Fosil niteliği taşıyan türlerin Akdeniz’de en az on bin yıllık bir geçmişe sahip olduğunu aktaran Öztürk, “Yılda sadece 2 ila 5 milimetre büyüyebilen taş mercanlar, yavaş gelişimleri nedeniyle son derece hassas. Uluslararası Doğayı Koruma Birliği’nin (IUCN) Kırmızı Listesi’nde yer alan bu tür, 2022 yılında bizim önerimizle Türkiye'de yasal koruma altına alındı. Şimdi ise İş Bankası’nın desteğiyle başlattığımız yeni projemizle mercanları koruyarak deniz ekosisteminin sürdürülebilirliğine katkı sağlamayı hedefliyoruz” dedi.

Mercanları yaşatalım, denizleri koruyalım!

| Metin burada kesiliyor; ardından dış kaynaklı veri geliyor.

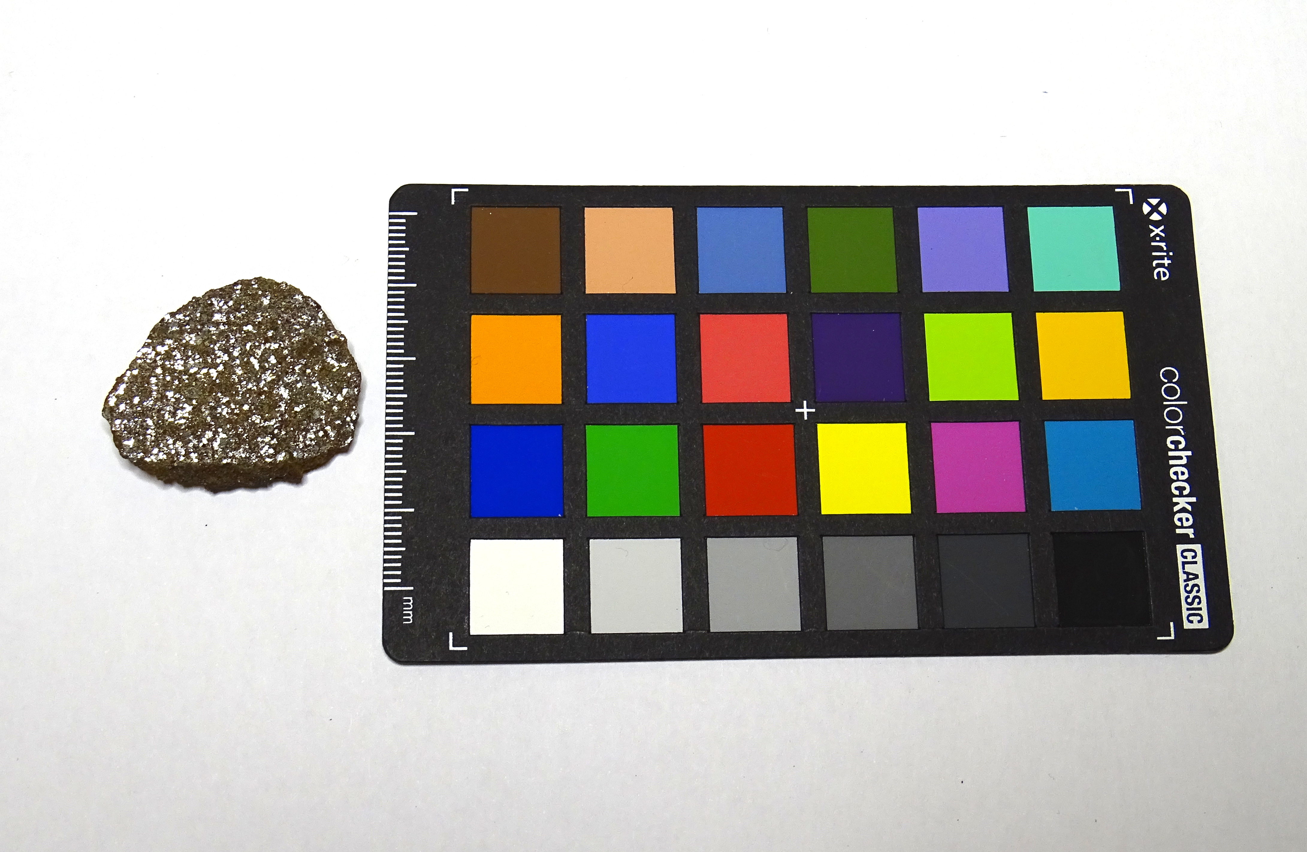 Fetta con crosta di fusione e piccolo frammento. Si può notare la presenza di metallo non ancora ossidato

Proje kapsamında yaklaşık 4 bin öğrenciye denizlerdeki biyolojik çeşitlilik ve mercanlar konusunda farkındalık eğitimi verilmesi amaçlanıyor. Ayrıca gemi üzerinde uygulamalı eğitimler de yapılıyor. Bu bilincin genç yaşta verilmesi çok önemli. Kıyıya dönerken ülkemizin birçok ilinde aynı anda çıkan yangınları, doğayı nasıl kaybettiğimizi düşündüm. Yitirdiğimiz ormanlardan sonra sırada denizler mi var? Umarım çok geç kalmadan herkes bu farkındalığa ulaşır ve elini taşın altına koyar.